I suppose I’m on the journey of the hermit again.
I’ve read many articles about social media, selling your work, blah blah blah. I don’t like any of it. What am I looking for? Does what I look for exist (I’d say no)? Where am I going with all this? Can I just keep going in my own idiosyncratic way (yes)? Do I have to have an end “goal,” or is art a spiritual journey for me where that spiritual aspect cannot be distracted with all The Usual?

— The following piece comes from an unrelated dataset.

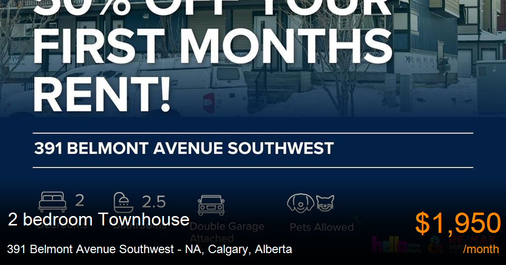 Townhouse for rent in Calgary at 391 Belmont Avenue Southwest - NA. INCREDIBLE 2 BEDS/2.5 BATHS TOWNHOUSE WITH GARAGE INCLUDED!

The fact is, what I love to do most – non-commercial, experimental moving images – has no real concrete place, neither in the market, nor in the minds of most people. It exists for sure, in a world that can probably be characterized as being as small and well, as weird as an antiquarian society. But this rarified environment is not where I want my work to be stuck in. I’m not interested in even trying to become a big known quantity in that rarified castle. Frankly, I have always found environments which are too narrowly focused to be stifling. I always run away from them.
Breathing freely for me has always meant being in a diverse and therefore, vibrant environment. Each party interacts with the other, there is an exchange, and new ideas come out of that. How is having your work typecast foster that? It doesn’t. It puts you and your work in a cultural ghetto. Because it’s easier – “they” tell you – to get it seen (bought) that way.
It is difficult to form such diverse groups, in fact. As in many areas of society, birds of a feather stick together. And in the U.S., the dollar is King. Commerce is IT.
I am lucky in that in my current job, I’ve been recently given the opportunity to contribute in an artistic way, my own way, to a dialogue which is beneficial for the public good. At the same time, my work is anonymous, part of the crowd. The focus of my work is the larger message, not ME, as the artist of it. When everything on the internet and all these networks are all about talk about, sell YOU, I get to make work which is focused on the message that my work effectively delivers. This is above commerce, above celebrity, and therefore above what all these other art promotion/sales vehicles made by other people are doing. Being anonymous allows the work to deliver the message without all the stuff which is such a status thing in the U.S.
I still take photos almost daily out of habit. I share very few of them now. I’m adjusting to my decision to stop the endless posting to social networks, where these networks reap the benefit of my steady engagement, to let me breathe. Let me breathe so I can do my work in the sphere of just doing my work, with no thought of any other reason for doing it, except that I need to. And that is has nothing to do with $$$$$ or fame.